The pictures in the data below are to be omitted; all else must be duplicated exactly.

**SOURCE MATERIAL**
+--

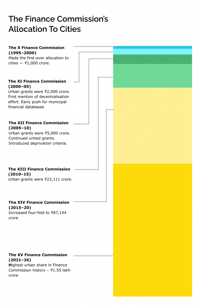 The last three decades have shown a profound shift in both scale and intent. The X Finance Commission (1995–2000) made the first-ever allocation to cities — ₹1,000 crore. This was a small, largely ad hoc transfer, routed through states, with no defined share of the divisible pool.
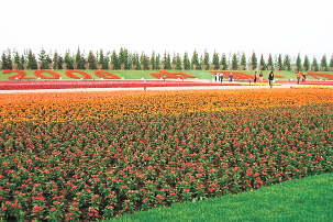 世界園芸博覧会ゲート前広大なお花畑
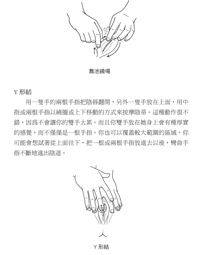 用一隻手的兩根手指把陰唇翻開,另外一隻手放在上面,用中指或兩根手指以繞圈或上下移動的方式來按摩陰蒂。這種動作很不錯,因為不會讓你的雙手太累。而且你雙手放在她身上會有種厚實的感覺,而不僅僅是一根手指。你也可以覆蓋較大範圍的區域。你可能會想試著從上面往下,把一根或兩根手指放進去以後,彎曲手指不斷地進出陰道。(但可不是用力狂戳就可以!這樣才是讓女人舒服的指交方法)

+--

**REPLY**
 The last three decades have shown a profound shift in both scale and intent. The X Finance Commission (1995–2000) made the first-ever allocation to cities — ₹1,000 crore. This was a small, largely ad hoc transfer, routed through states, with no defined share of the divisible pool.
 世界園芸博覧会ゲート前広大なお花畑
 用一隻手的兩根手指把陰唇翻開,另外一隻手放在上面,用中指或兩根手指以繞圈或上下移動的方式來按摩陰蒂。這種動作很不錯,因為不會讓你的雙手太累。而且你雙手放在她身上會有種厚實的感覺,而不僅僅是一根手指。你也可以覆蓋較大範圍的區域。你可能會想試著從上面往下,把一根或兩根手指放進去以後,彎曲手指不斷地進出陰道。(但可不是用力狂戳就可以!這樣才是讓女人舒服的指交方法)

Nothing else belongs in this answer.